*WORK INSTRUCTIONS*
What is needed is the exact text of each line in the listing below from the one with "We will facilitate" up to and including the one with "20V MAX* XR", and no pictures.

*MATERIAL SUPPLIED*
+ + +
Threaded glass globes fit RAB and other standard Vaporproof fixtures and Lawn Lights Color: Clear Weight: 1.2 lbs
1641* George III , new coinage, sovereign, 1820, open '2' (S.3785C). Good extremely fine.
+ + +
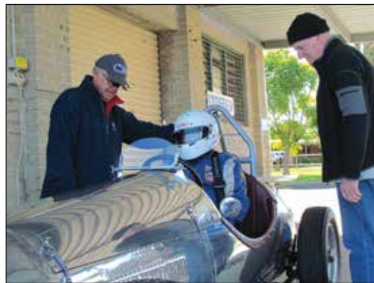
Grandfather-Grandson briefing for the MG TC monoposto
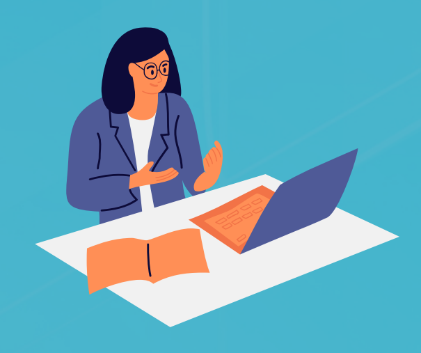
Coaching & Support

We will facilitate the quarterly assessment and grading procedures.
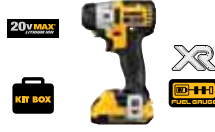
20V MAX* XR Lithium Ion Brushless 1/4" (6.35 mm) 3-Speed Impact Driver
+ + +
*TASK RESULT*
We will facilitate the quarterly assessment and grading procedures.
20V MAX* XR Lithium Ion Brushless 1/4" (6.35 mm) 3-Speed Impact Driver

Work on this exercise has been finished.